First of all, this number is standardized. That is, the difference between the means is divided by some kind of standard deviation. This has two advantages. First, a standardized number is scale free. Hence, we can in principle compare such different quantities of interest as test scores and motivation of students. Second, it makes sense intuitively to say that the difference between the means of two groups is more impressive if there is little variation in the groups. Just as we would not be surprised if the means of two groups are different, if values in the groups are all over the place.

Unfortunately, there is a downside as well. When we express the difference between averages in two groups in terms of the variation in these groups, we assume that the variation is constant from sample to sample. In general, you want to benchmark on something that is stable. If the sample contains more or less variation than the population for some reason, we will respectively underestimate or overestimate the effect size. More on this later.

The particular effect size reported in Rohrer’s study was proposed by Jacob Cohen and is widely used. We will look at the calculation of Cohen’s d in more detail later. Here we care about when we should call an effect size large or small, which doesn’t depend so much on the particular way in which the standard deviation is calculated. Cohen proposed his own rules of thumb in 1962, which he refined in 1969. He considered

  • d = 0.2 is small
  • d = 0.5 is medium
  • d = 0.8 is large.

Based on these guidelines, Rohrer’s d = 0.83 is already impressive. It becomes even more so when we compare his result with other recent educational interventions in schools.

Early research in education did find effect sizes that matched Cohen’s rules of thumb. Bloom’s famous study on tutoring for example showed an effect size of about 2. He henceforth famously set a challenge to educational researchers of solving the ‘two sigma problem’, which is to reach such an effect in a classroom setting. However, as studies became more rigorous, effect sizes dropped dramatically. When the effect of one year of tutoring is measured on state-wide math tests for example, the effect size is at most 0.25. The same goes for educational field experiments across the board. A recent meta-analysis based on 197 randomized controlled trials (RCTs) finds on average effect size of 0.16 on academic achievement, while an analysis based on 105 RCTs in schools that tested for the effect on math scores found an average effect size of only 0.05. See this paper for an overview of these results.
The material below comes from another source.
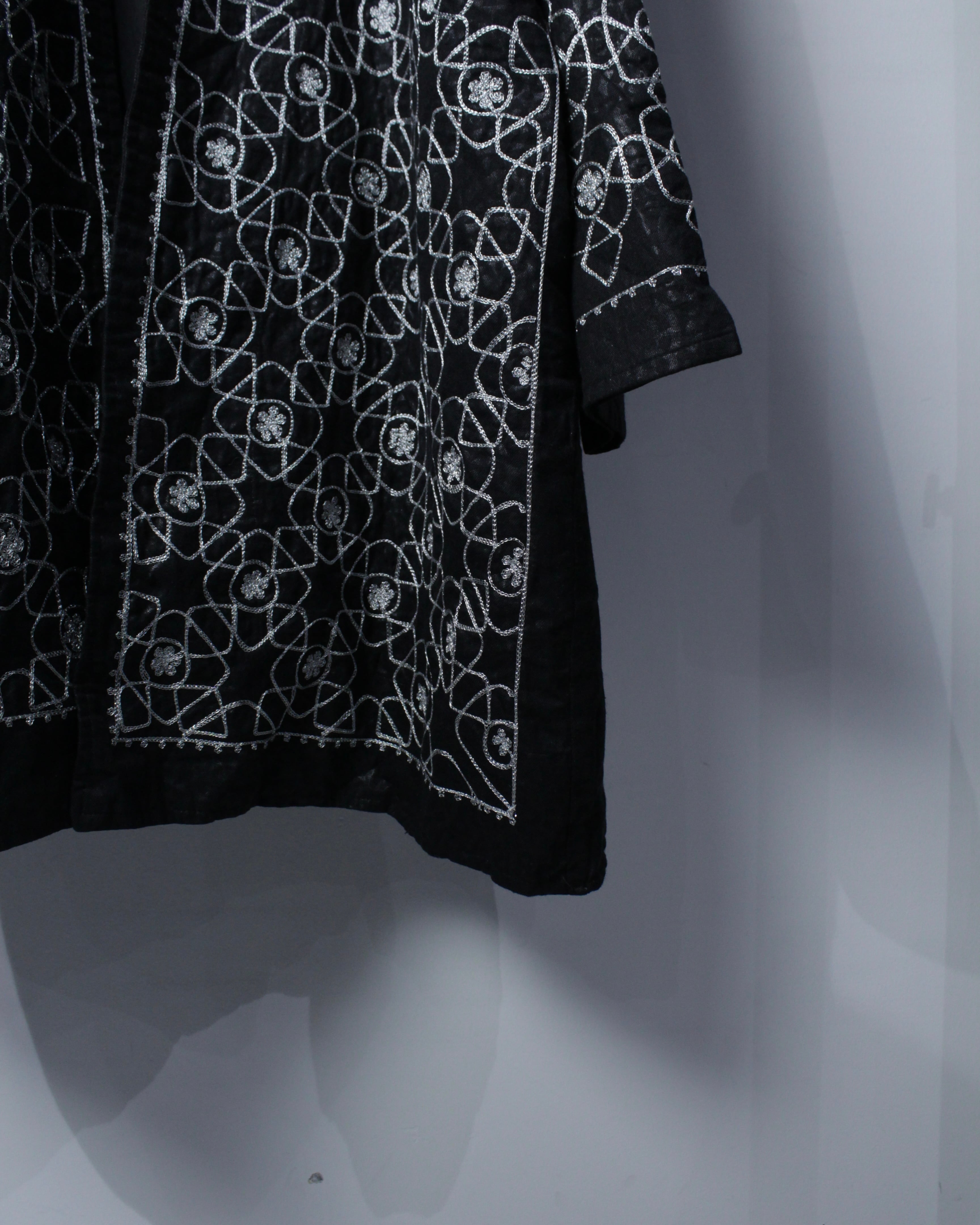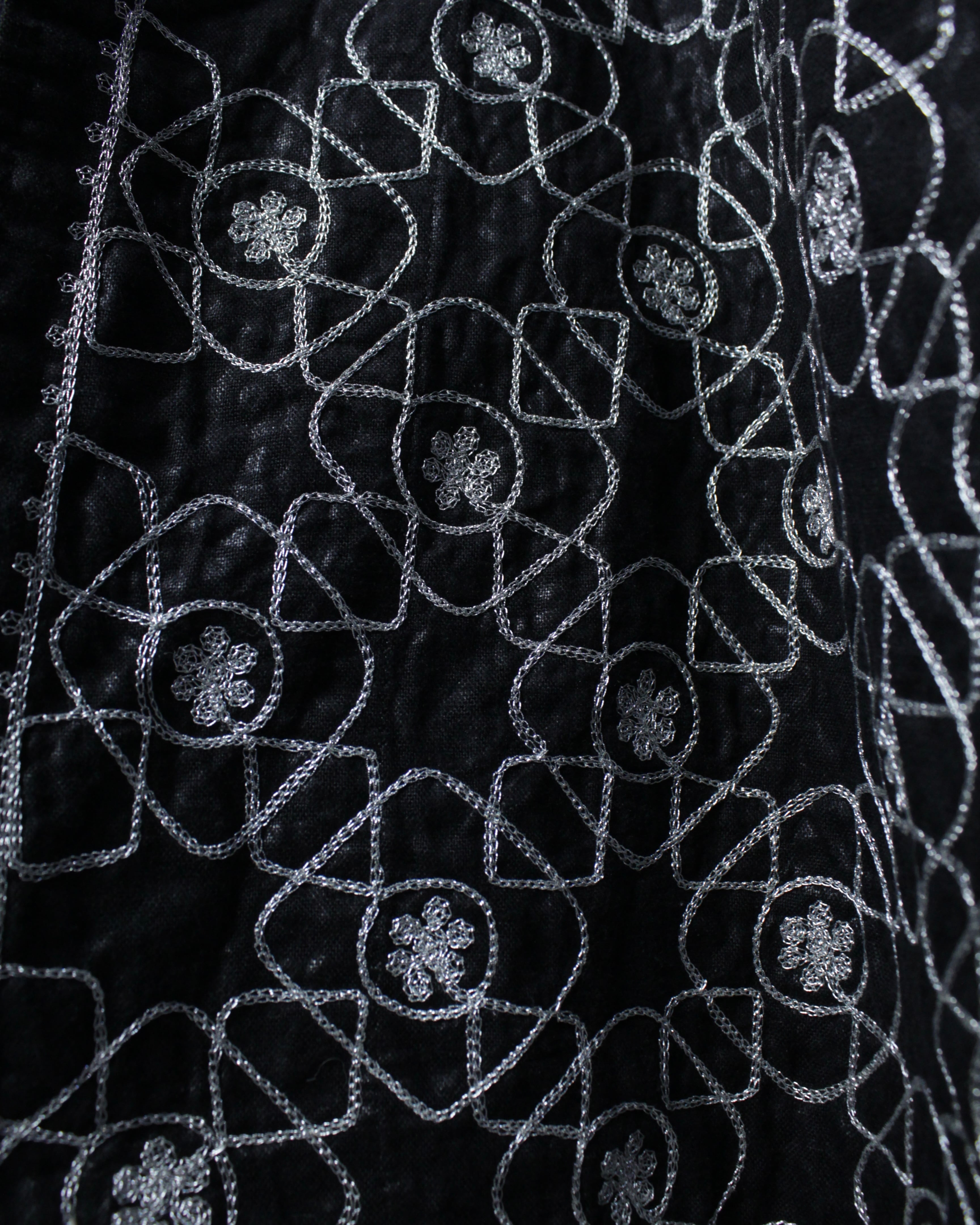 軽やかなファブリックをベースに、全面へ大胆に施された柄プリント。その上から立体的な刺繍を重ねることで、奥行きと陰影を感じる独特なルックスに仕上がっています。

An effect size of 0.83 is suspiciously high then. According to this ranking by Kraft of almost 500 effect sizes in educational interventions for achievement outcomes, it would be around the 98th percentile of studies! Based on this ranking, Kraft proposes the following rules of thumb for educational field experiments that measure student performance.

  • effect size < 0.05 is small
  • 0.05 < effect size < 0.2 is medium
  • effect size > 0.2 is large

Rohrer’s effect size of d = 0.83 is four times the size of what would be considered a large effect! How do we explain this?

It could be that mixing math questions is a revolutionary concept that will change the field of math education. It is more likely though that the results are inflated. In general, effect sizes tend to be inflated when

  1. they are measured on a test that was made by researchers (rather than a standardized one)
  2. when the intervention is short term
  3. when a subgroup is sampled that is more likely to benefit from the intervention.

This study meets the first two criteria. It may not meet the third, since we do not know which subgroups benefit more from mixing. However, schools with performance problems were excluded from the sample, so that the students in the study are more homogeneous. That means in turn that the standard deviation in the sample is smaller. And dividing by a smaller denominator increases the effect size. We will come back to these points when we have estimated the effect size more precisely.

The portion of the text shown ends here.